The god mentioned is Shri Rama. He is the Supreme Lord, specifically adorned with a bow and arrow set. He has a complexion that resembles the dark raincloud and a dedication to upholding dharma, or righteousness. This is not the only way that God appears, though this form still represents Him fully. He is not formless. The spiritual energy that is Brahman does not represent Him fully. Brahman is the effulgence that emanates from Rama’s transcendental body.
The brahmana is the person who is Brahman realized. You can see God without ever picking up a book. Not that it is easy; but it is possible. You simply have to notice the undivided spiritual energy that runs throughout the creation. Like an electrical current that goes through all the wires in a neighborhood, the Brahman energy is what gives life to the living. Without Brahman, there would only be dull matter, without life and without animation.
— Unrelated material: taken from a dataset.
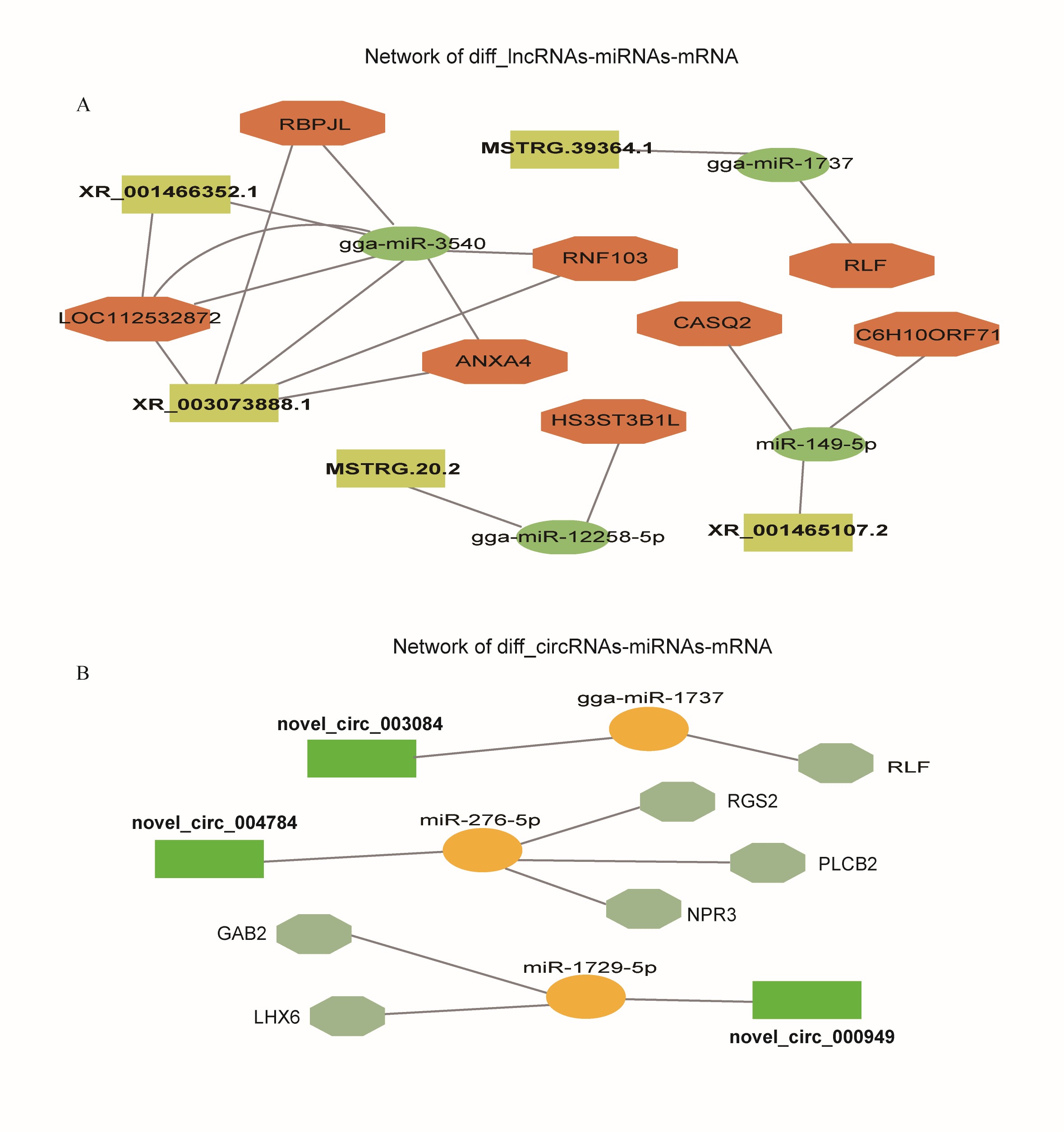 研究以天府肉鸡为研究材料,通过建立TD模型,对TD肉鸡和健康肉鸡的胫骨软骨组织进行了全转录组测序,获得了差异表达的mRNAs 141个,miRNAs 10个,lncRNAs 23个、circRNAs 35个,这些差异表达的mRNA和非编码RNA主要富集在TGF-β、MAPK、Hippo等与骨形成相关的信号通路,推测这些差异基因可能与TD的发生有关。同时,研究人员对这些差异表达基因进行了ceRNA分析,发现诸如gga-miR-1737和gga-miR-3540等关键分子在TD发生中具有重要调控作用。研究结果为肉鸡TD发生机制提供了新的理论见解,也为TD的防治和治疗提供了有效的分子标记。

This singular energy is one aspect to God. It indicates that life continues, no matter what happens to the coverings known as bodies. Birth and death are events paired in a specific section of time. They represent the acceptance and rejection respectively of a body. They do not determine existence, since Brahman exists in infinity. Brahman cannot be destroyed. At the individual level, it is known as the soul.
samaṁ sarveṣu bhūteṣu
yaḥ paśyati sa paśyati
“One who sees the Supersoul accompanying the individual soul in all bodies and who understands that neither the soul nor the Supersoul is ever destroyed, actually sees.” (Lord Krishna, Bhagavad-gita, 13.28)
Tulsidas gives a valuable instruction to the ojha brahmanas in this verse from the Dohavali. He says that it is difficult to understand the loss incurred from turning one’s back on Shri Rama. He gives the example of water. When it is from the Ganga, it is pure. Yet water can also be impure, as in the case of wine. It is the association which determines the purity. The Ganga river flows from the lotus feet of the Supreme Lord Vishnu, who is the same Rama but in a different spiritual manifestation.
In the same way, though the brahmana may be Brahman realized, they can become impure in an instant if they remove themselves from devotion to Rama. How is this possible? If you see the spiritual equality of all beings, doesn’t that mean you have purity in vision? The complete understanding of spirituality is Bhagavan. Brahman comes from Bhagavan. It is one thing if a person doesn’t yet know the complete feature of God in His transcendental body. The warning here is for one who turns their back on Rama, who abandons Him.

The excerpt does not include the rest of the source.